In general, price of Tequila goes up with age, so añejos and extra añejos will be the most expensive and blancos the cheapest.
Similar drinks
Dog Dogson's Smartass corner
Character Dogson
The strongest Tequila available for sale clocks in at 75% ABV (150 proof). This shouldn’t come as a surprise, but drinking huge amounts of this spirit is likely te-quil-a.
There are over 136 species of Agave. For Tequila to be officially called “Tequila,” it must be comprised of at least 51% of the Blue Weber Agave species.
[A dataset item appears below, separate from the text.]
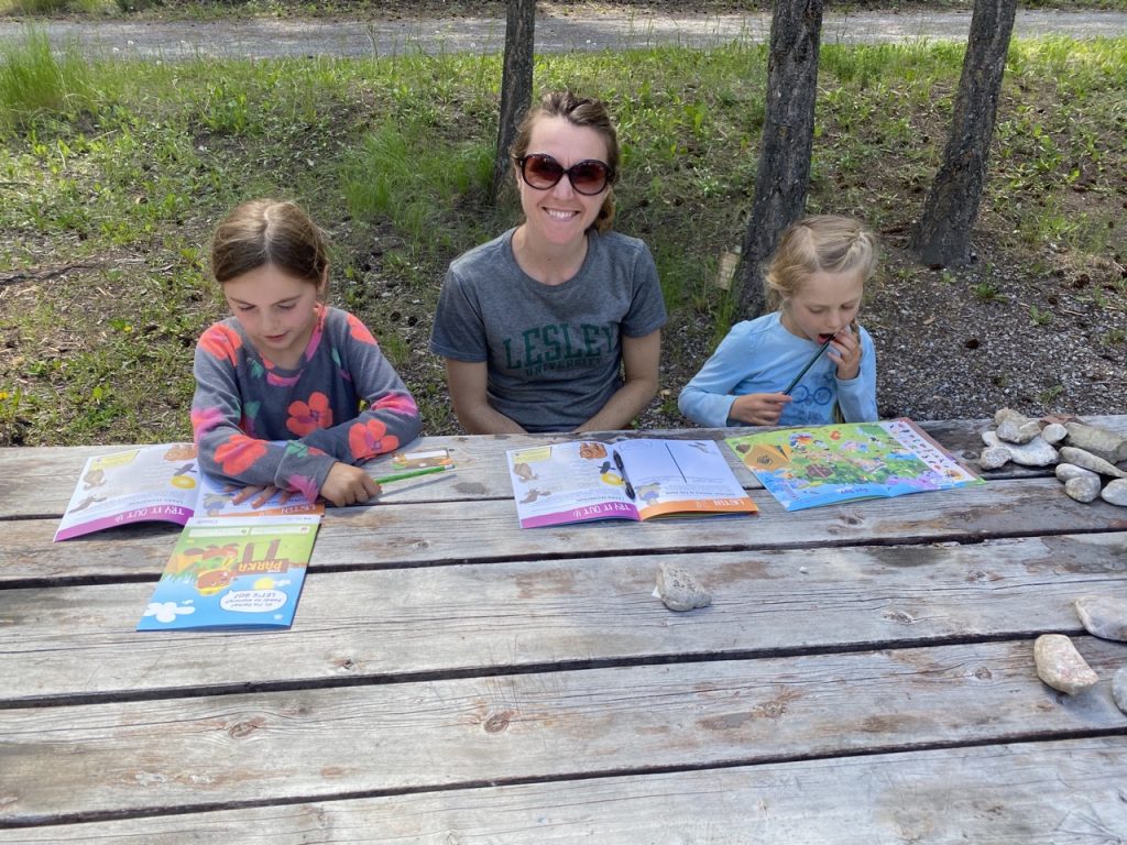 Things were a bit different here in Canada.  They are much more relaxed about their parks.  Upon arrival at Redstreak Campground within the park they gave us an Xplorers book for the girls, which is the Jr Ranger equivalent in Canada.  The books were fun for the girls to do but didn’t really teach them anything. We’re used to it being really like a mini homeschooling lesson on the park’s geography, history, local wildlife and plant life, prominent features and such.  These booklets were word searches, spot the differences in pictures and things along those lines.  I was a bit disappointed because there are always more things to learn and the park missed a good opportunity to teach new explorers in a fun way.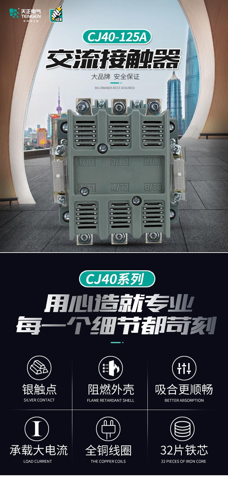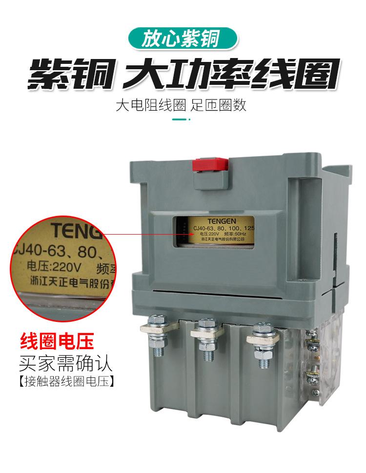 Contactor de CA TENGEN Tianzheng Electric CJ40-125A, 3 polos, trifásico, 220 V, 380 V, cable de cobre rojo, contacto plateado

Need a salt shaker and lime? Nah. The Mexicans take their Tequila neat and prefer to leave the lime and salt for their margaritas. Wouldn’t be a bad idea to follow suit.
Tequila is like Champagne or Cognac. It has a Denomination of Origin, meaning it can only be produced in the Jalisco State, Mexico.
Need a salt shaker and lime? Nah. The Mexicans take their Tequila neat and prefer to leave the lime and salt for their margaritas. Wouldn’t be a bad idea to follow suit.

Tequila goes bad with time! Once you open a bottle of Tequila, you better be in the mood to drink it. Generally, you have one to two months before oxidation and evaporation diminish the quality of the Tequila and destroy the Agave flavor profile.

Tequila labeled Gold (Oro) is your indicator (i.e., red flag) that you’re dealing with a mixto Tequila - unaged silver Tequila that has been colored and flavored with caramel to give the appearance of aged Tequila.
In general, price of Tequila goes up with age, so añejos and extra añejos will be the most expensive and blancos the cheapest.